/---
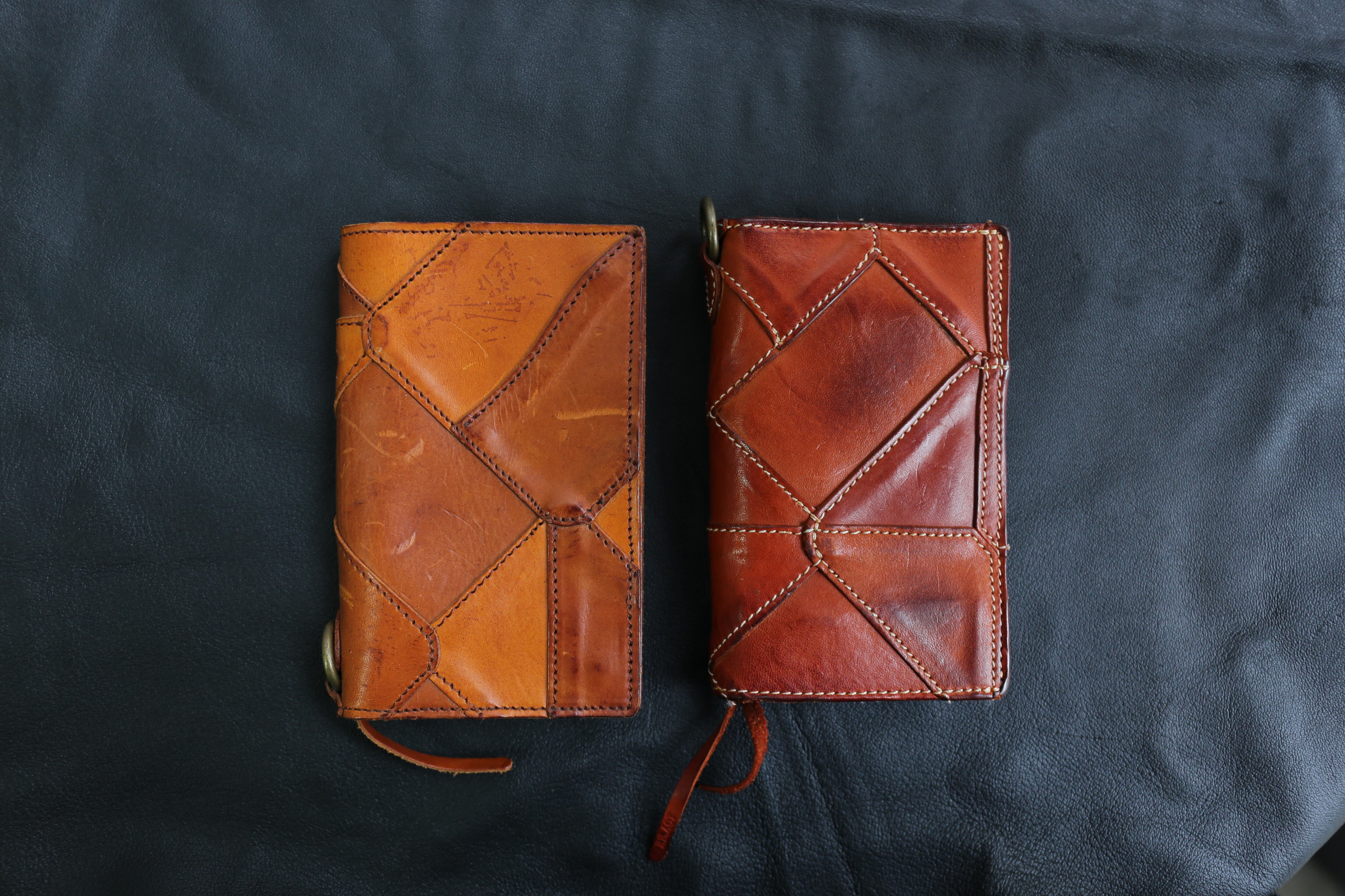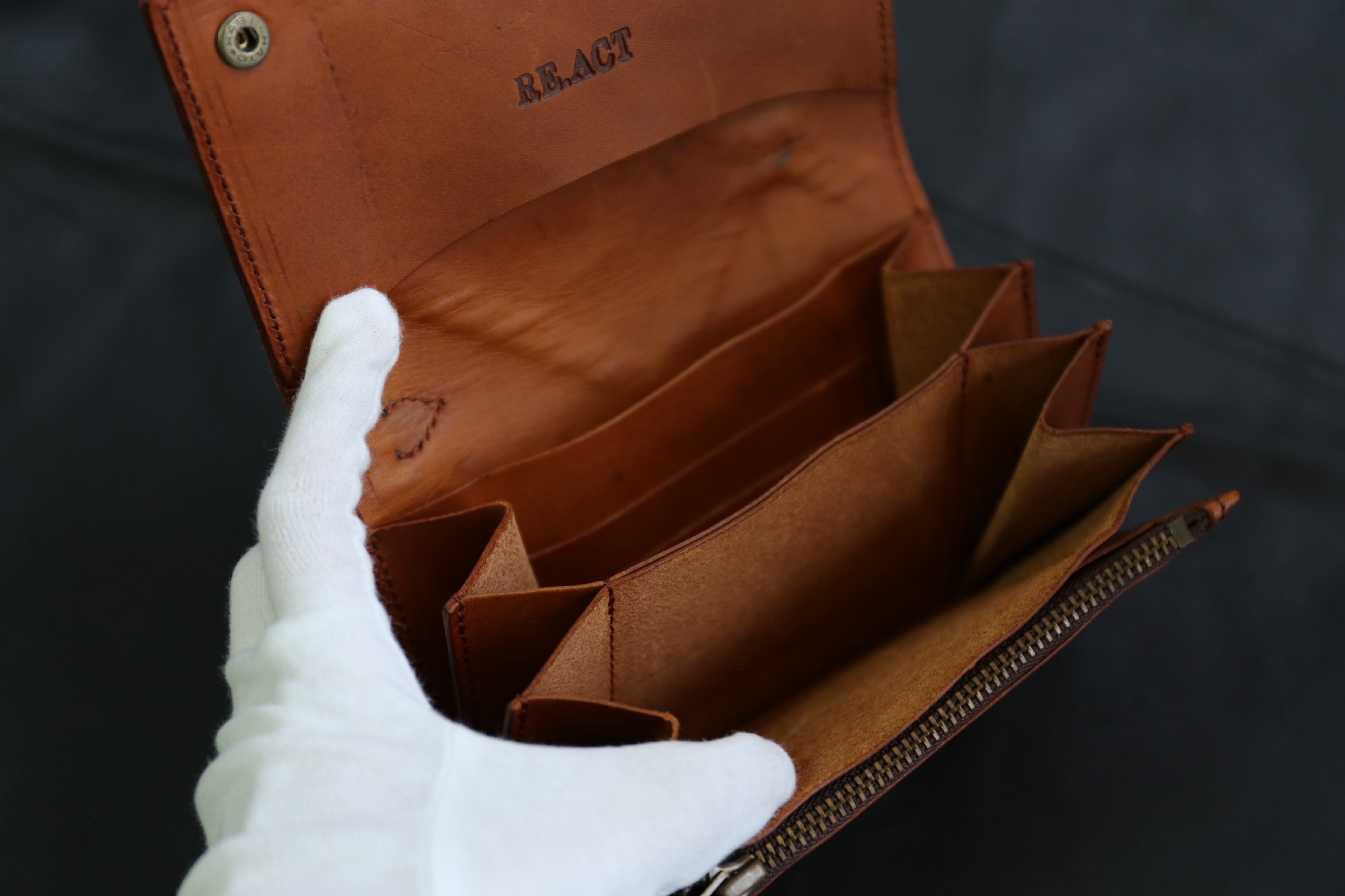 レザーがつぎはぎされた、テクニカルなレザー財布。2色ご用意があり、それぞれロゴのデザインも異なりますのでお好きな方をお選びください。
\---
/---
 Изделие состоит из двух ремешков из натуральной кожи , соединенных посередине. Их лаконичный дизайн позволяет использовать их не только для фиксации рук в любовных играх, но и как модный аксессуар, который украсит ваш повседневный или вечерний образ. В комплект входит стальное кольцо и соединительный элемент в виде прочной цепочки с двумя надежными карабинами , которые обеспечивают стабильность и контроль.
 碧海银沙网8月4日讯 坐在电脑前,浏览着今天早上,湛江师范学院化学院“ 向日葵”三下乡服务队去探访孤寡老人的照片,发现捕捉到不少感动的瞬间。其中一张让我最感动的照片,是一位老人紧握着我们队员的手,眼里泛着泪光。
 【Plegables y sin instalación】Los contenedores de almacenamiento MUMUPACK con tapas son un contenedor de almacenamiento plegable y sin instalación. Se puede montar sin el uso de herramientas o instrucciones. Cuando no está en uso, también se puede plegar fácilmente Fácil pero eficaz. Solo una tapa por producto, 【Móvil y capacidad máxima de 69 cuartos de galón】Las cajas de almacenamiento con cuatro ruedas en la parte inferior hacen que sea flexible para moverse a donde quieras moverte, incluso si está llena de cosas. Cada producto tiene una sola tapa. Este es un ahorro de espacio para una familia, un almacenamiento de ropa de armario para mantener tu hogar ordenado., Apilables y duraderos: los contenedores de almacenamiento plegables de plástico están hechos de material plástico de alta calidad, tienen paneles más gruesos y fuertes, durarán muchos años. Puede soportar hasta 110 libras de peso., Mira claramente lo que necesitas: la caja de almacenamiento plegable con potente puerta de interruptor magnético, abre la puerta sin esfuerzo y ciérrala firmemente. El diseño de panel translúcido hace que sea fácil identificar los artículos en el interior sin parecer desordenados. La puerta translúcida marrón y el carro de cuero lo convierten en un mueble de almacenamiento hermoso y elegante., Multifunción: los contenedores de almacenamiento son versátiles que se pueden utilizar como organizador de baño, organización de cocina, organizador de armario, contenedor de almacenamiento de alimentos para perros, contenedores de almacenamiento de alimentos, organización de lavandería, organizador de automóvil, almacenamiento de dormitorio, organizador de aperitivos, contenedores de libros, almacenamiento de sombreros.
\---
/---
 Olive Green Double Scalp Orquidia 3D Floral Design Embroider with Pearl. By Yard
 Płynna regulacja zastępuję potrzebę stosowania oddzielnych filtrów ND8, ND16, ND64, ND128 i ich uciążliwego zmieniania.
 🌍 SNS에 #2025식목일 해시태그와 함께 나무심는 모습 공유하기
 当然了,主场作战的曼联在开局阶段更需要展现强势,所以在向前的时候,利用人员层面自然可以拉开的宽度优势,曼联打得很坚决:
\---
Could you repeat exactly the lines above from the line with "Olive Green Double" up to and including the line with "나무심는 모습 공유하기", and only those?

▶ **Your response**
 Olive Green Double Scalp Orquidia 3D Floral Design Embroider with Pearl. By Yard
 Płynna regulacja zastępuję potrzebę stosowania oddzielnych filtrów ND8, ND16, ND64, ND128 i ich uciążliwego zmieniania.
 🌍 SNS에 #2025식목일 해시태그와 함께 나무심는 모습 공유하기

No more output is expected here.